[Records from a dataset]
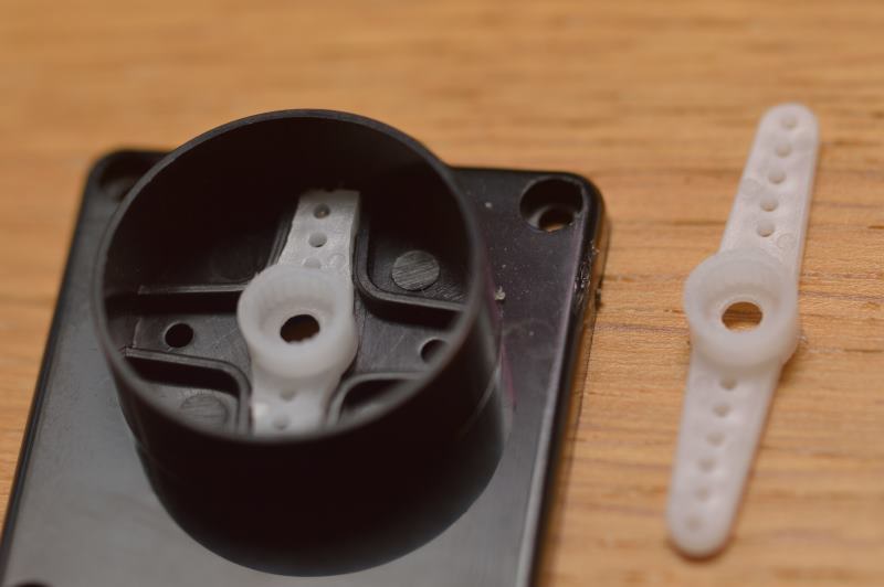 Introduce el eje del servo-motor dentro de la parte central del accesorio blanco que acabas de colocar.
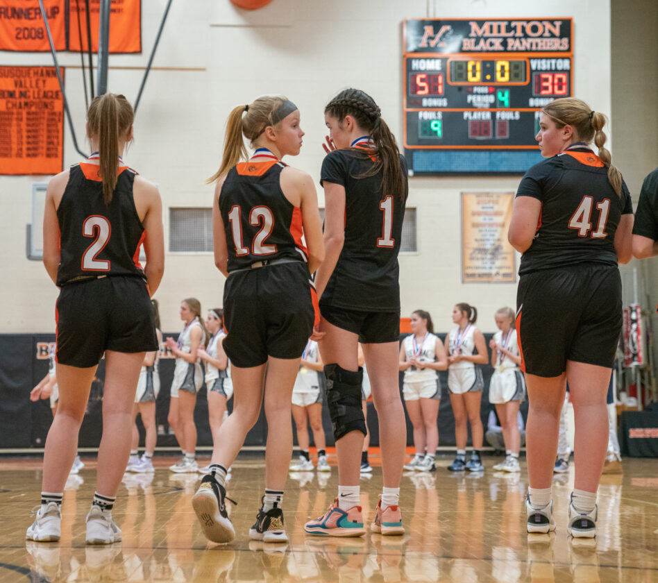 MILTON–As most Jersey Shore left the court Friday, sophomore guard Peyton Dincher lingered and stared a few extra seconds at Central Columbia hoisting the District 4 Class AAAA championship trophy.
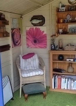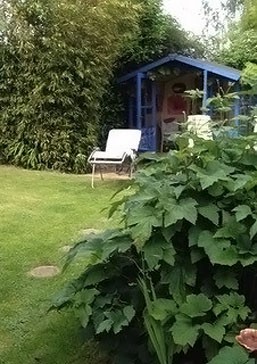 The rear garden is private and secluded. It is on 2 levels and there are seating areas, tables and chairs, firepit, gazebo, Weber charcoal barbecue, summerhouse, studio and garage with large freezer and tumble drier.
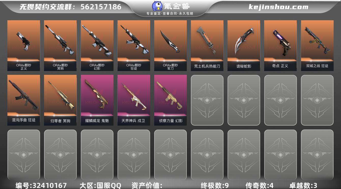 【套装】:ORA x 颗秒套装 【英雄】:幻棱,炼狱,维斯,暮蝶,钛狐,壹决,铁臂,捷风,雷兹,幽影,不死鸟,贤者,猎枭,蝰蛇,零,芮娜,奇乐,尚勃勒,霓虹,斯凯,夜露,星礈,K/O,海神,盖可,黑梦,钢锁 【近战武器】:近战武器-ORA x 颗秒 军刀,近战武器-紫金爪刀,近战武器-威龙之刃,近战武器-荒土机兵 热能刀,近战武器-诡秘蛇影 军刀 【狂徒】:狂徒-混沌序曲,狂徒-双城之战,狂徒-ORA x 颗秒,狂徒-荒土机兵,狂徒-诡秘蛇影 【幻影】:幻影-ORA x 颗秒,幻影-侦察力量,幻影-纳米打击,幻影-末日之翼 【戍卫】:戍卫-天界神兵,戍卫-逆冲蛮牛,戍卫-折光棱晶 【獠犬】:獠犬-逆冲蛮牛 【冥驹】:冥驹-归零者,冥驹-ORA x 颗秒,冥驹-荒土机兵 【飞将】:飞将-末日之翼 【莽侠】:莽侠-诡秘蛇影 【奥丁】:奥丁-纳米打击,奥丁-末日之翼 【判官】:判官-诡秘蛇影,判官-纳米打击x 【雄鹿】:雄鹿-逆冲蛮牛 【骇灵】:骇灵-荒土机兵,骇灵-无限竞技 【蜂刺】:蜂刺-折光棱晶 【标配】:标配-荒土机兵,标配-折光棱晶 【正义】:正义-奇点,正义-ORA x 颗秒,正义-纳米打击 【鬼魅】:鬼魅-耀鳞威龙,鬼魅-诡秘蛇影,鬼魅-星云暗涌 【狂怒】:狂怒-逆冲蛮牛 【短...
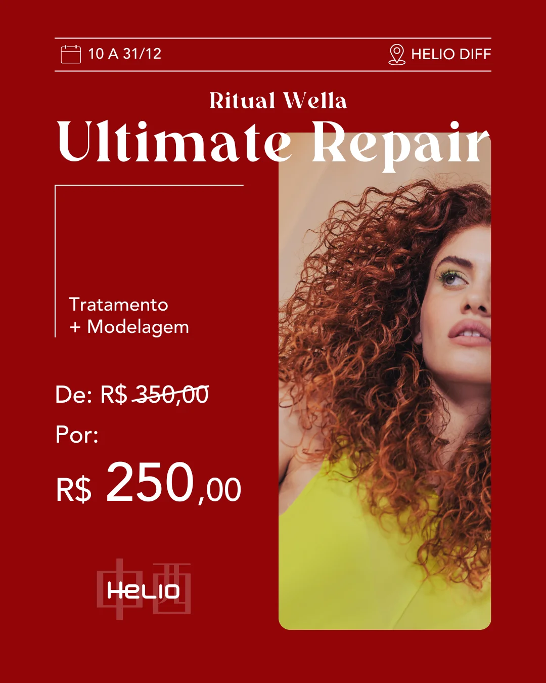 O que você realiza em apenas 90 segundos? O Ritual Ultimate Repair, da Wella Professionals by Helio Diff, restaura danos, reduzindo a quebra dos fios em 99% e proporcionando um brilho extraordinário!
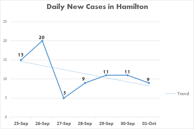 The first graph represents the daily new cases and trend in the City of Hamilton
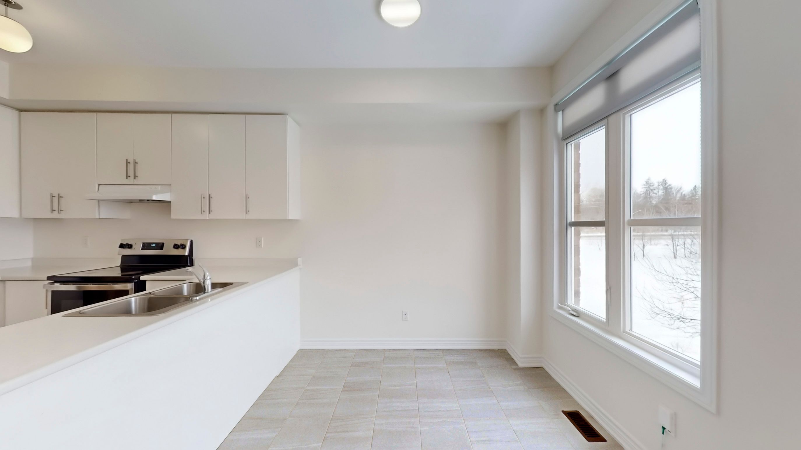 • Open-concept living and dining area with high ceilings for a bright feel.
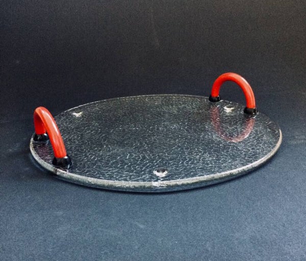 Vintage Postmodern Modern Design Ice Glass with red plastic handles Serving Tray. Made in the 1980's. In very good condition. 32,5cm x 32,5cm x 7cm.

■ Goal of the exercise ■
In the answer, the entries must appear exactly as above, without the images.

■ Finished exercise ■
 Introduce el eje del servo-motor dentro de la parte central del accesorio blanco que acabas de colocar.
 MILTON–As most Jersey Shore left the court Friday, sophomore guard Peyton Dincher lingered and stared a few extra seconds at Central Columbia hoisting the District 4 Class AAAA championship trophy.
 The rear garden is private and secluded. It is on 2 levels and there are seating areas, tables and chairs, firepit, gazebo, Weber charcoal barbecue, summerhouse, studio and garage with large freezer and tumble drier.
 【套装】:ORA x 颗秒套装 【英雄】:幻棱,炼狱,维斯,暮蝶,钛狐,壹决,铁臂,捷风,雷兹,幽影,不死鸟,贤者,猎枭,蝰蛇,零,芮娜,奇乐,尚勃勒,霓虹,斯凯,夜露,星礈,K/O,海神,盖可,黑梦,钢锁 【近战武器】:近战武器-ORA x 颗秒 军刀,近战武器-紫金爪刀,近战武器-威龙之刃,近战武器-荒土机兵 热能刀,近战武器-诡秘蛇影 军刀 【狂徒】:狂徒-混沌序曲,狂徒-双城之战,狂徒-ORA x 颗秒,狂徒-荒土机兵,狂徒-诡秘蛇影 【幻影】:幻影-ORA x 颗秒,幻影-侦察力量,幻影-纳米打击,幻影-末日之翼 【戍卫】:戍卫-天界神兵,戍卫-逆冲蛮牛,戍卫-折光棱晶 【獠犬】:獠犬-逆冲蛮牛 【冥驹】:冥驹-归零者,冥驹-ORA x 颗秒,冥驹-荒土机兵 【飞将】:飞将-末日之翼 【莽侠】:莽侠-诡秘蛇影 【奥丁】:奥丁-纳米打击,奥丁-末日之翼 【判官】:判官-诡秘蛇影,判官-纳米打击x 【雄鹿】:雄鹿-逆冲蛮牛 【骇灵】:骇灵-荒土机兵,骇灵-无限竞技 【蜂刺】:蜂刺-折光棱晶 【标配】:标配-荒土机兵,标配-折光棱晶 【正义】:正义-奇点,正义-ORA x 颗秒,正义-纳米打击 【鬼魅】:鬼魅-耀鳞威龙,鬼魅-诡秘蛇影,鬼魅-星云暗涌 【狂怒】:狂怒-逆冲蛮牛 【短...
 O que você realiza em apenas 90 segundos? O Ritual Ultimate Repair, da Wella Professionals by Helio Diff, restaura danos, reduzindo a quebra dos fios em 99% e proporcionando um brilho extraordinário!
 The first graph represents the daily new cases and trend in the City of Hamilton
 • Open-concept living and dining area with high ceilings for a bright feel.
 Vintage Postmodern Modern Design Ice Glass with red plastic handles Serving Tray. Made in the 1980's. In very good condition. 32,5cm x 32,5cm x 7cm.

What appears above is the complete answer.